Beautifully put, Patti! Having been aware differently most of my life, due as much to circumstance as sensitivity, I often feel incapable about my world view, my assessment of the ever-changing (but never enough) landscape, from the personal to the political. And yes, ‘the future we needed didn’t exist yet.’ I’ll never fully recover from watching our hard-won gains dissipate in the late ’70s and ’80s and the diverse defenses we all put up, like boards tacked across an embattled doorway. My wife Susan, a fellow traveler from all the way back, wrote a beautiful play (now on the boards) about hope and despair by doing a gender twist on the Faust myth, the result of her long struggle to keep hope alive. http://lat.ms/2np8DrJ
As Bartky said, ‘[we] are aware that we see the same things differently.’ And how do we manage to retain some semblance of sanity? Thanks for your remarks.
Thought you would be interested in this comment on the Baez poster from Jim Stodder, posted today on the HR71 listserv:
Let me say a few words in defense of the “Girls Say Yes” poster of the Baez sisters. I was one who thrilled to the music of Joan, and that of Mimi and her husband, Richard Fariña. (Richard died the year before we entered HR; Mimi and Pauline are now gone as well.)
I thought and still think of this as a tasteful and appropriate use of women’s sex power. Why not? That power has been used far more often to send the lads marching off to war. Take it from Aristophanes.

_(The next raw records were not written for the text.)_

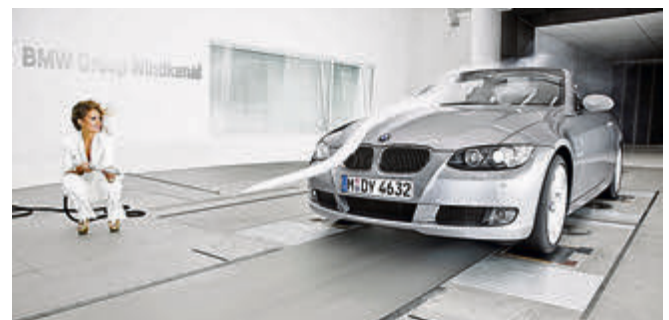
In einem Windkanal kann der cw-Wert eines Autos ermittelt werden.

Das ist natürlich bei unseren normalen Autos nicht der Fall, sie werden eher wackelig bei erreichter Höchstgeschwindigkeit. Also merken: bei voller Fahrt beide Hände ans Lenkrad und erst recht nicht zum Gruß aus dem Fenster winken. Im Namen des cw-Wertes, der Sicherheit und des geringen Kraftstoffverbrauches.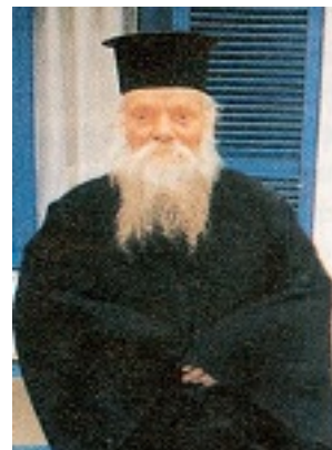
Όσιος Ευμένιος ο νέος ο Θεοφόρος (Σαριδάκης)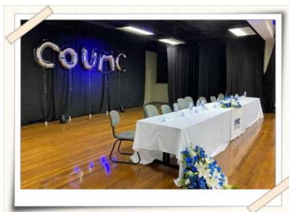
Registro do espaço organizado pelos alunos – Teatro UMC

Descrição: Os alunos do curso de Odontologia realizaram o planejamento, organização, confecção de material, divulgação e participação na organização durante o evento. A Comissão Organizadora do Congresso Odontológico da UMC participou, realizando eventos pré-congresso, como: minicursos e palestras. Também, eventos para recebimento e doação de kits de higiene para a realização de atividades educativas para a comunidade.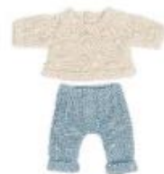
JERSEY Y PANTALÓN REF 1-31686

The ladies here are seated demurely and hipply in their wide-brim hats.
I will further confess, to no general astonishment, that it was images like this, and more generally the women of the New Left, that ‘recruited’ me to their various causes. A decision I have never regretted. They were and are the most interesting and attractive women around — why look anywhere else?

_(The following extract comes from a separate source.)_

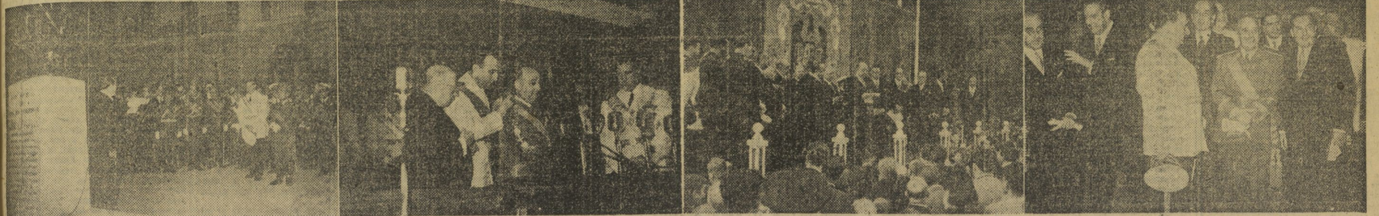
El Caudillo inauguró el nuevo edificio del Instituto de Cultura Hispánica. — II. El ministro de Asuntos Exteriores del Perú, acompañado de ministros y otras personalidades, en el acto de inauguración del monumento a la Reina Católica, con motivo del Día de la Hispanidad, en la Ciudad Universitaria. — III. El embajador de los Estados Unidos, Mr. Stanton Griffiths, lee su discurso ante los miembros del Gobierno, ministro de Asuntos Exteriores del Perú, Cuerpo Diplomático y otras personalidades con motivo de dicha ofrenda a la Reina Isabel. — IV. S. E. el Jefe del Estado, acompañado de los miembros del Gobierno y otras personalidades, durante la inauguración de la I Bienal de Arte Hispanoamericano en el Palacio de Exposiciones del Retiro.

This is a right-on quik discussion about the poster. Very smart and sweet. And indeed, ‘why look anywhere else?’ for smart and attractive women. I was using the ‘Girls say yes…’and feminism’s response (not a unified position by any means) as an example of how high the stakes were in that newborn press by women to be taken seriously in their resistance to the sexism that continued in the New Left. In spirit and thought, I can understand HR’s position today. But back then, the appropriate use of women’s sex power was up to each woman. Some women chose to call out New Left leader David Harris’ poster and it’s interpretation of women’s power. Who got the final say on approving the poster? Just a brief sign of the times.
Thanks for linking me back to this post. Your descriptions sure brought back those times for me, and indeed it was a time when we were looking at everything with new eyes. Hard to imagine having that cranky like that today. Much has changed, but sadly that feminist perspective struggles to be recognized still.

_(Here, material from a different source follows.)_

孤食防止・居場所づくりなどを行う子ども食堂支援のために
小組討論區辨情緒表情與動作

Thanks for reading, Khati. I got carried away! Beyond the retro call! I’m trying to recapture the contradictions between male power and women’s resistance in those ‘righteous’ times, while we were all trying to reach a common goal. AAnd then came Mao’s little red book and our own peculiar version of the cultural revolution. Yikes!
This is so clear and so accurate and so hopeful. Thank you for understanding without needing constant explanations that sexism is no better than racism or any other diminishing treatment of a specific group. Beautiful job!
Thanks, Susan. I wholeheartedly agree. The link between racism and sexism was part of the awareness that we have all shared and acted upon from the beginning of our movements and was being brought forward as far back as Seneca Falls in 1848… and before.